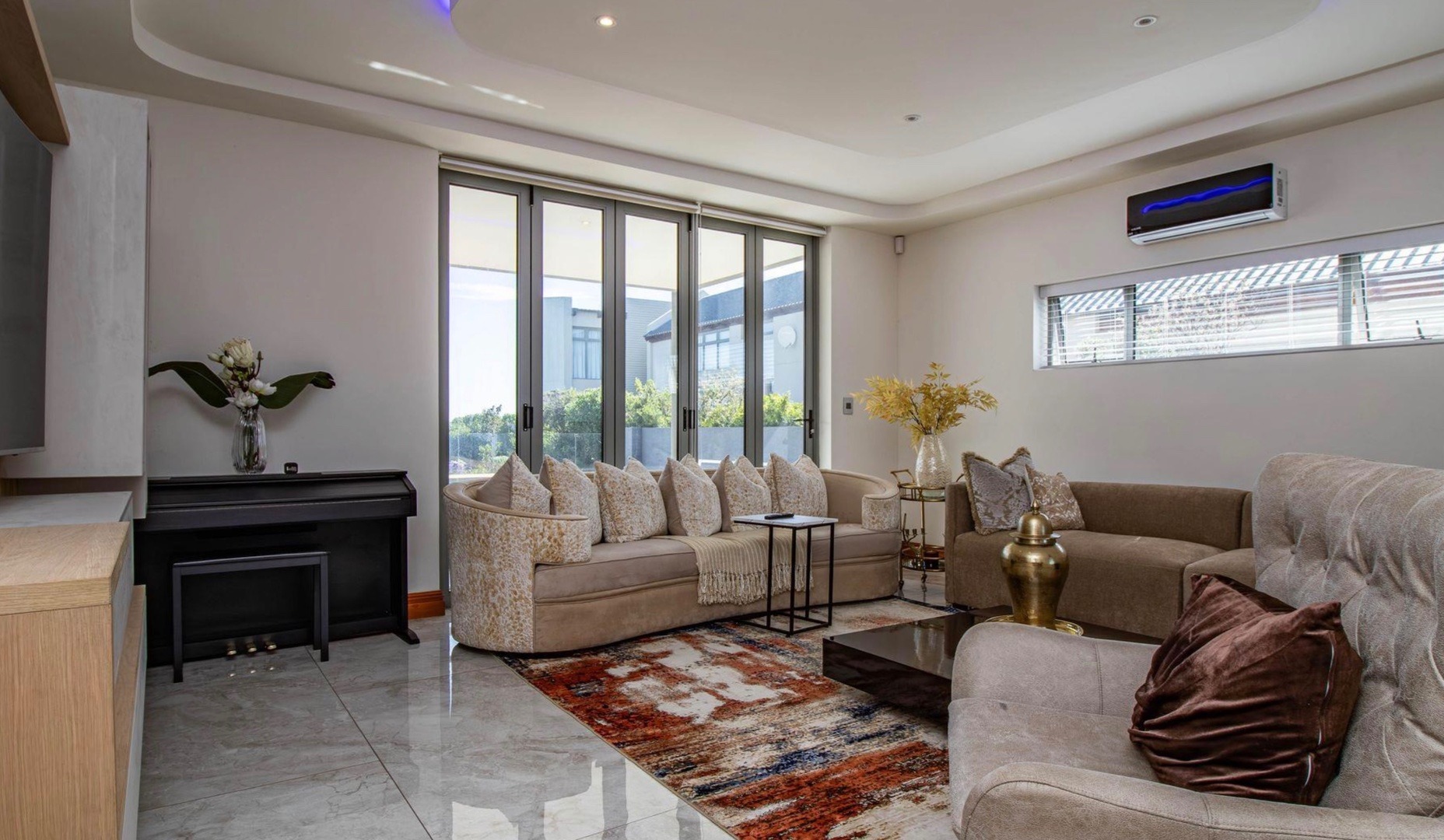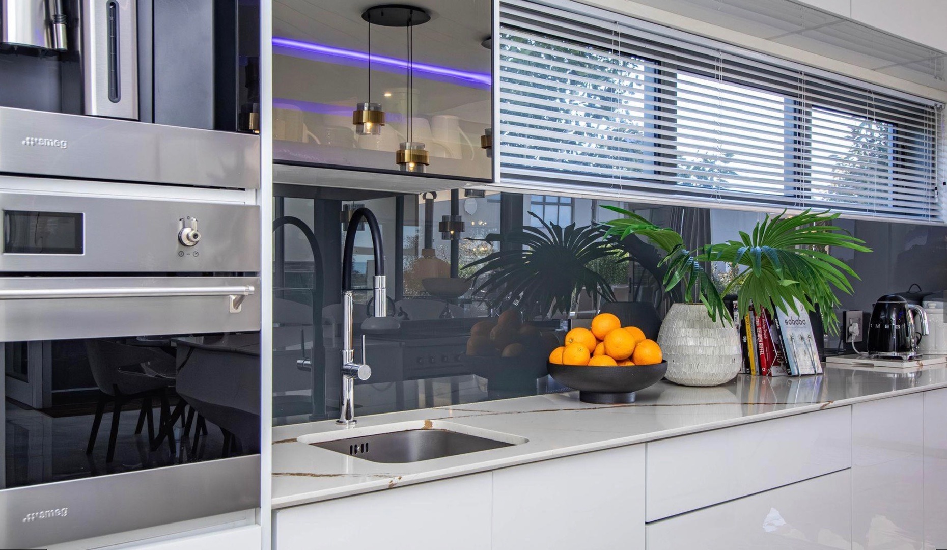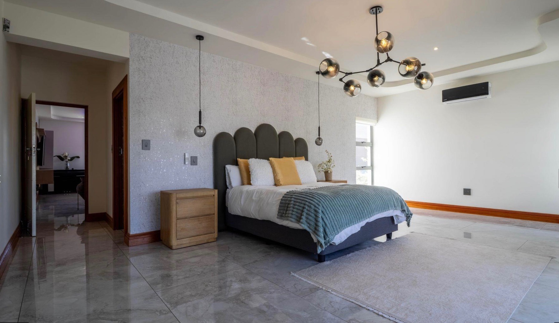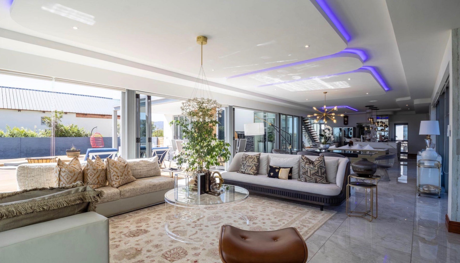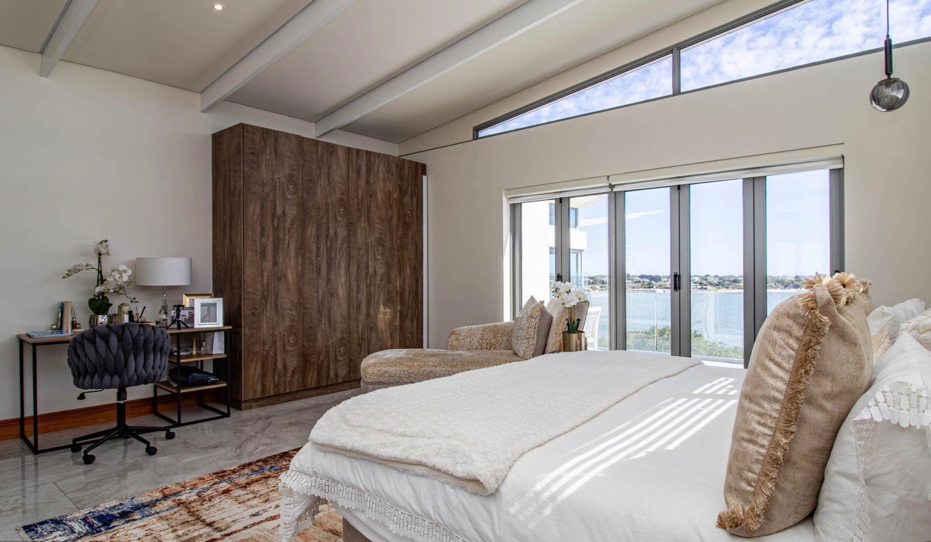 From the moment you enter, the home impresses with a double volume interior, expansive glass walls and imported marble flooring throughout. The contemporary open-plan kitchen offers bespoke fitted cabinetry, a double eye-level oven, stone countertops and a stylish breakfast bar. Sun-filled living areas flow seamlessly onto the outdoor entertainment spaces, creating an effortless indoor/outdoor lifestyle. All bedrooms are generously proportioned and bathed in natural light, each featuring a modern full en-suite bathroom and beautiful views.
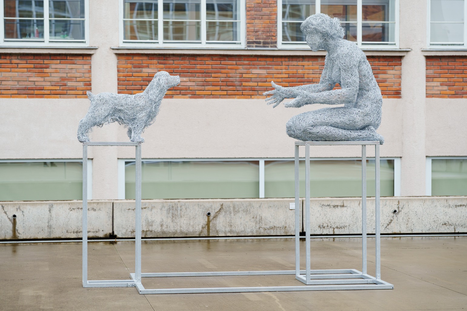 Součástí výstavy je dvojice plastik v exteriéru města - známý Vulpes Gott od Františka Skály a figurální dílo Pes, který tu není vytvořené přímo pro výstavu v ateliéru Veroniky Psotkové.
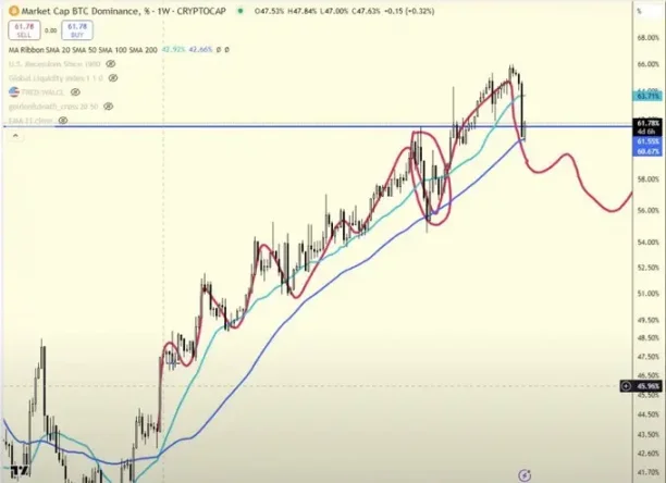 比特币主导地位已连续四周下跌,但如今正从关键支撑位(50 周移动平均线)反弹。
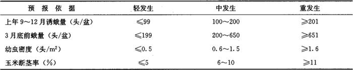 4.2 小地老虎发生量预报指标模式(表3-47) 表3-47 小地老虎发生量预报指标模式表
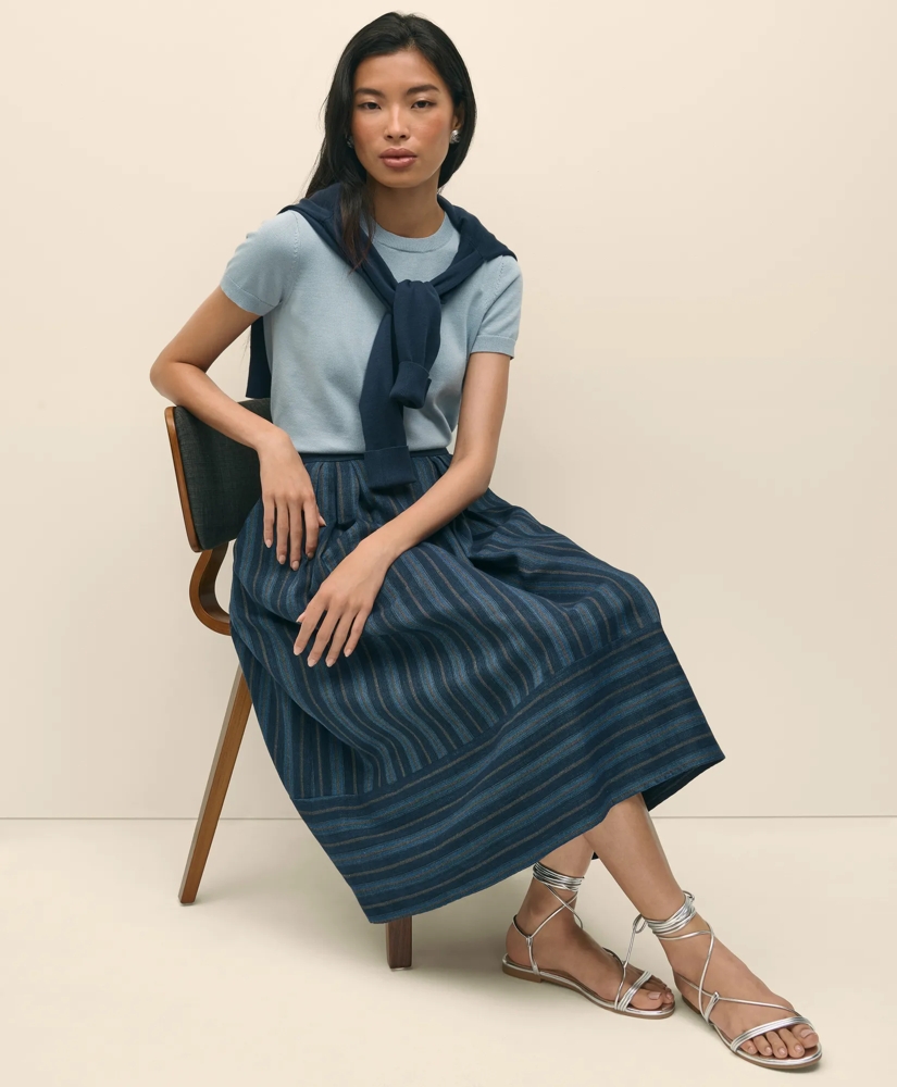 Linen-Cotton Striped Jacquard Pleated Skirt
+++
Give the entries back verbatim and omit the images.

[Response]
 From the moment you enter, the home impresses with a double volume interior, expansive glass walls and imported marble flooring throughout. The contemporary open-plan kitchen offers bespoke fitted cabinetry, a double eye-level oven, stone countertops and a stylish breakfast bar. Sun-filled living areas flow seamlessly onto the outdoor entertainment spaces, creating an effortless indoor/outdoor lifestyle. All bedrooms are generously proportioned and bathed in natural light, each featuring a modern full en-suite bathroom and beautiful views.
 Součástí výstavy je dvojice plastik v exteriéru města - známý Vulpes Gott od Františka Skály a figurální dílo Pes, který tu není vytvořené přímo pro výstavu v ateliéru Veroniky Psotkové.
 比特币主导地位已连续四周下跌,但如今正从关键支撑位(50 周移动平均线)反弹。
 4.2 小地老虎发生量预报指标模式(表3-47) 表3-47 小地老虎发生量预报指标模式表
 Linen-Cotton Striped Jacquard Pleated Skirt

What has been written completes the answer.